# speed dip



## cya_coyote (Aug 31, 2005)

hey guys... has anyone tried the dip for coyote and bobcat traps? i have heard that it works, then some tried to tell me that the dip will still spook the animal. so, which is right?

i am using mostly trench sets. the trap actually sets down in the hole, about 4" below the ground level. has worked pretty well, but was having the traps waxed. i don't have the wax or equipment to do that this year, and have dip for my water traps, so i was going to use it if it works ok.

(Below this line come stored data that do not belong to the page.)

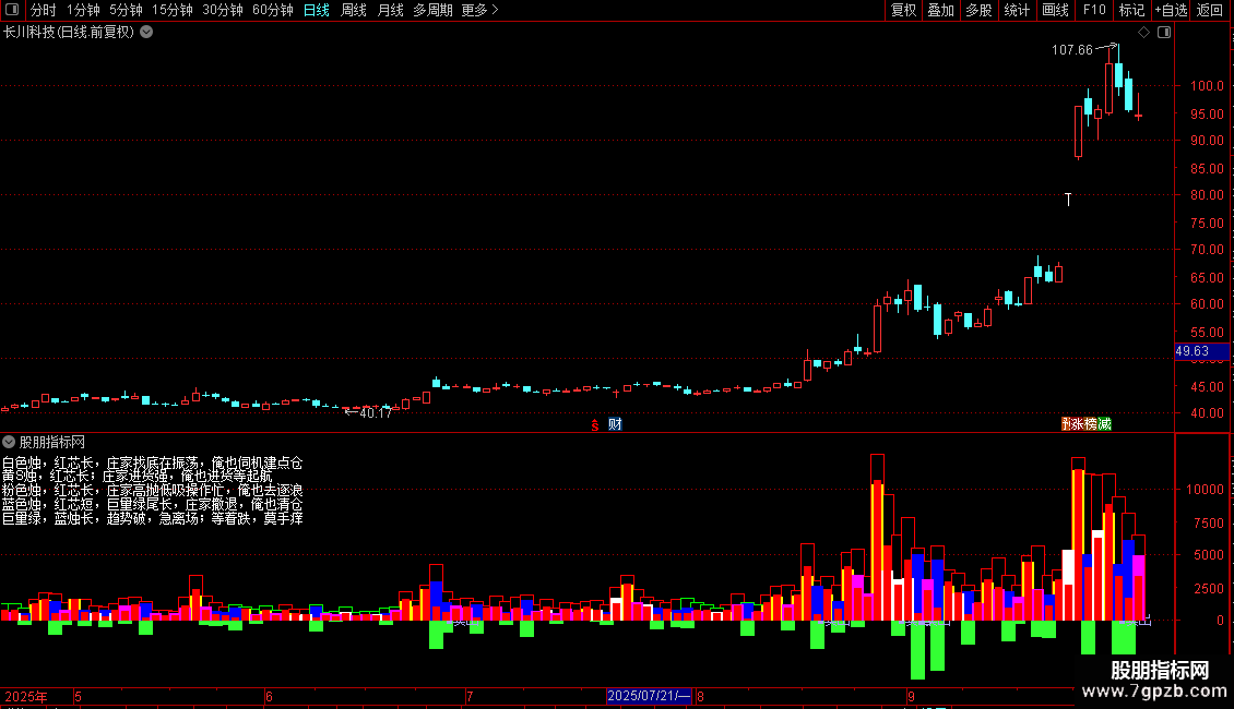当满足条件((VAR7>VAR6)AND(VAR7>VAR8))时,在0和VAR7位置之间画柱状线,宽度为4,0不为0则画空心柱.,COLORFF00FF
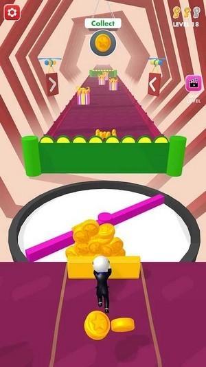 3、拉到足够多的橡皮人,并且收集路上的金币,最终获得宝藏。
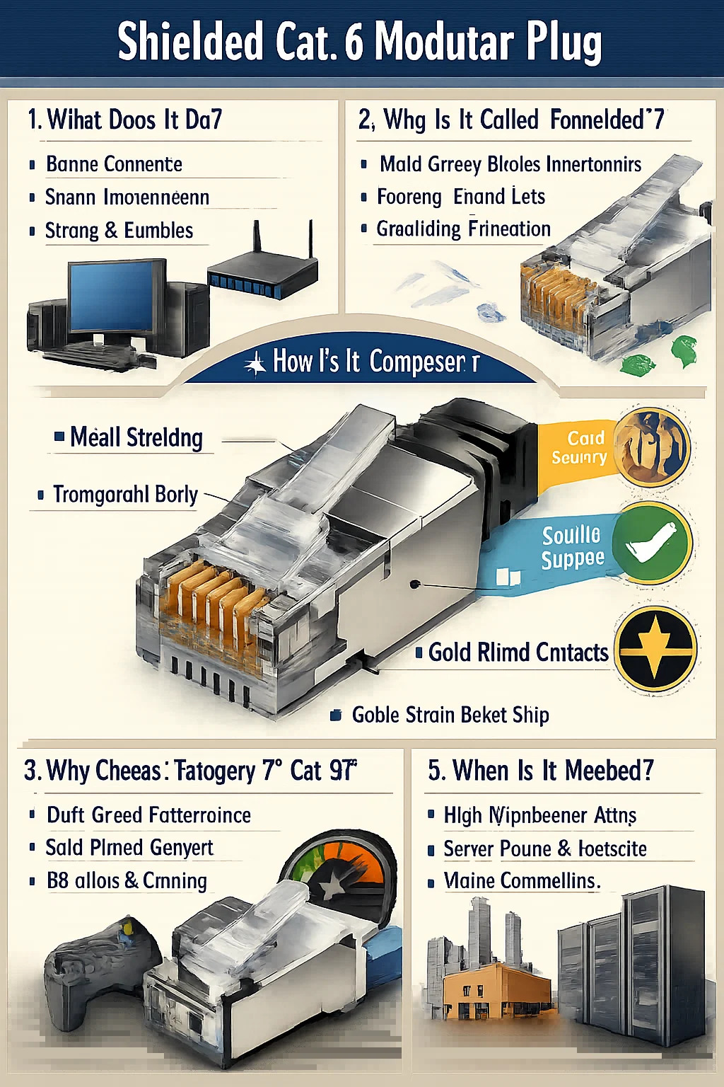 Dit afgeschermde Cat.6 modulaire stekker Simpel gezegd is dit een netwerkkabelconnector met een 'beschermend schild'. Als je netwerkkabelconnectoren met een glanzende metalen behuizing hebt gezien, dan is dat alles.
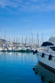 Funchal, Madera - 22 kwietnia, 2015:Yachts zacumowane w Funchal morskim, wyspa Madera, Portugalia.
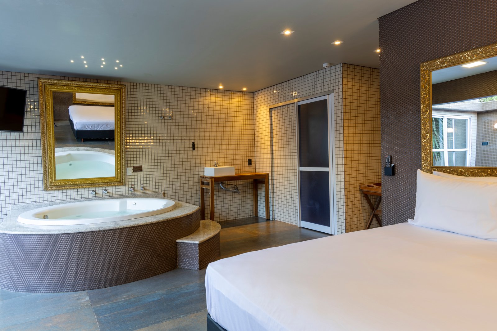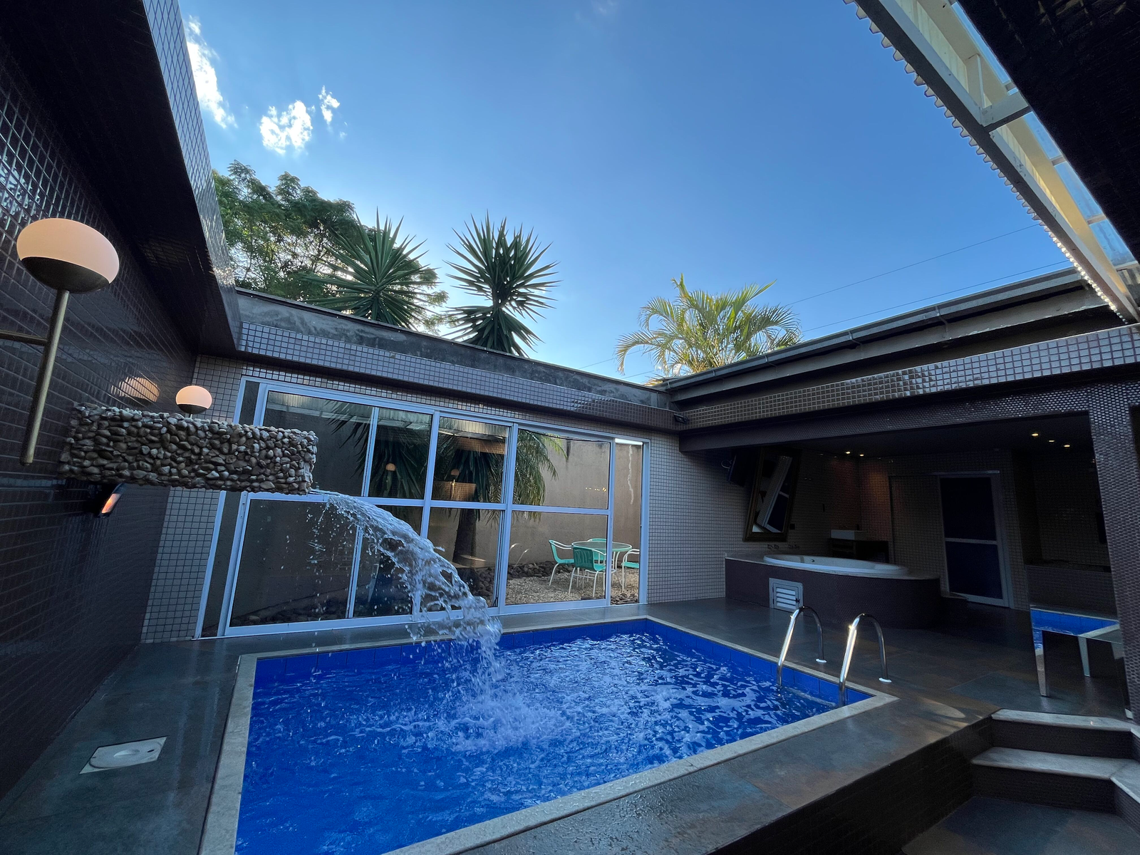 A melhor suíte com ampla hidromassagem, piscina aquecida e teto solar, ideal para um banho com vista para as estrelas para confraternizações intimistas.

does anyone know? will it spook them?
:sniper:


----------



## xdeano (Jan 14, 2005)

I have all my traps speed dipped. It is kind of a toss up weather or not it affects your success rate. If you dip your traps and let them hang for a few weeks you shouldn't have any problems, one tip would be to go through and make sure your dogs are working correctly if you have nite latches that is. just clean them up a bit, dip, hang, use. it is better to dip in the spring and leave them hang for a while in the trees. The gas or coleman fuel that you use is going to be the difference, i've always used the coleman fuel, but i guess to each his own.

I've also wanted to try the black walnut technique some time just to see if the success rate would increase.
xdeano


----------



## cya_coyote (Aug 31, 2005)

thanks xdeano... i have dipped my **** and beaver traps, as well as the muskrat traps. i figured dipping the coyote traps woudl be good to do right now, since we are supposed to have dry weather the next few weeks. it should have time to dry. got 3 months before they get set out.

found the fox and coyote locations. now got to find out where the bobcat are going to be. i know they are around.

well, thanks for the answer.

cya
:sniper:


----------